Lead co-agendizer Richardson backs Austin's runoff opponent, Suely Saro. She's backed by organized labor and was a member of the CPCC during which she didn't publicly call for change despite the body's now-acknowledged ineffectiveness.
And LBPD's actions in an infamous fracas involving Council incumbent Pearce and her former chief of staff left some dissatisfied with how LBPD dealt with a then-City Hall VIP (now a political lame duck.)
For these reasons, it would be a major blunder to childishly trust Council incumbents (and a candidate seeking to join them) to put something on the ballot that city management (which serves the incumbents) and the LB police officers union (which helped elect the incumbents) don't want on the ballot.

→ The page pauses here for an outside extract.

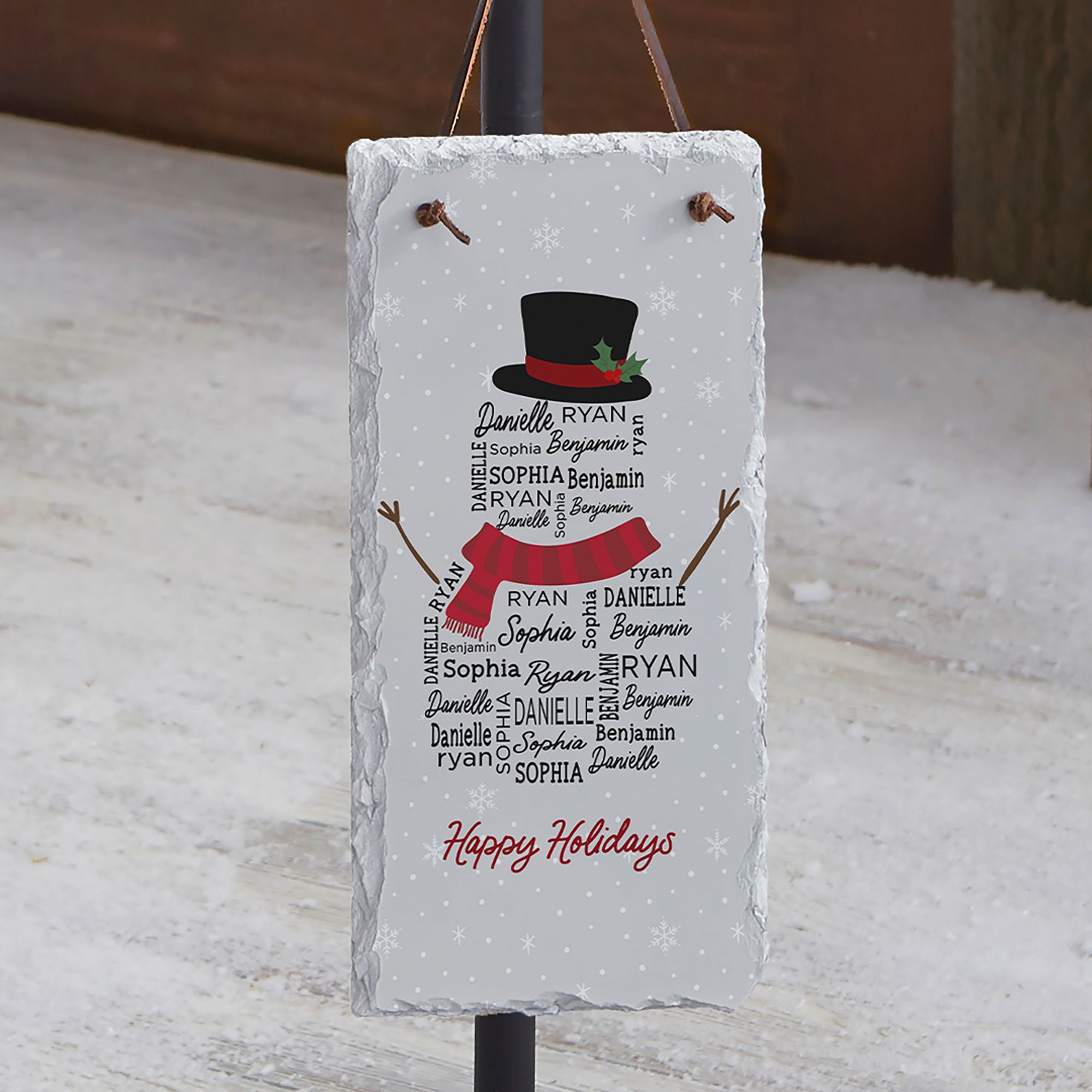 Welcome family and friends to your home this winter season with a beautifully crafted Snowman Repeating Name Personalized Slate Plaque.

LB will squander the current opportunity for change if LB residents accept a sham ballot measure that tweaks instead of genuinely changes the status quo. Until the incumbents show the public what they have in mind, it's impossible to know if they propose meaningful change or verbiage effectively allowing 30 more years of what the City allows now.
When Mayor Garcia proposed a sham redistricting Charter Amendment, LB's Cambodian-American community -- much to its credit -- spoke out against it. Faced with their publicly stated opposition, Garcia caved and the measure was rewritten. Learn from this.
LB voters deserve specifics. In our opinion, the Mayor and LB's Council incumbents (and a former CPCC member who wants to join them) have the burden of proof at this point in showing they propose meaningful change.